Background Half Wave
AIOps

What is composite AI?

Composite AI integrates multiple artificial intelligence models and technologies to create a more comprehensive and advanced AI system.

Instead of relying on a single AI model, composite AI combines multiple types of artificial intelligence—such as causal, predictive, and generative AI—to address aspects of a problem or task for a more holistic intelligent solution. The integration enables more advanced reasoning and brings precision, context, and meaning to the outputs produced by generative AI.

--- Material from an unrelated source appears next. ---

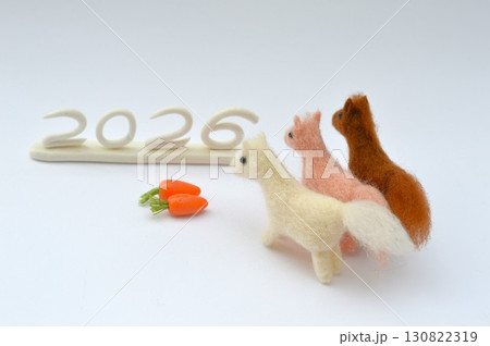 羊毛フェルトの馬とにんじんの年賀素材

An overview of the composite AI process

Identify tasks and components

Define specific tasks or problems to address and identify individual AI components or models that excel at those tasks.

Integration

Integrate selected AI components into a cohesive system by combining models, data, and algorithms in a way that allows them to work together congruently.

Interoperability

Ensure the integrated AI components can communicate and share information effectively with standardized interfaces or protocols for data exchange.

Data flow

Design a data flow architecture that enables information to flow among the different components to contribute to the overall decision-making process.

Learning and adaption

Implement mechanisms for the composite AI system to learn, adapt, and improve performance over time, such as causal AI, predictive AI, machine learning techniques, reinforcement learning, or other algorithms.

Decision making

Take input from multiple AI components to develop a strategy for more informed, precise decision making, such as combining the strengths of different AI techniques.

Feedback loop

Establish a feedback loop to continuously improve the composite AI system's performance to analyze outcomes, gather feedback, and refine individual components or the overall integration.

Scalability

Provide scalability for the composite AI system, such as the ability to handle increasing amounts of data and adapt to continuously evolving requirements.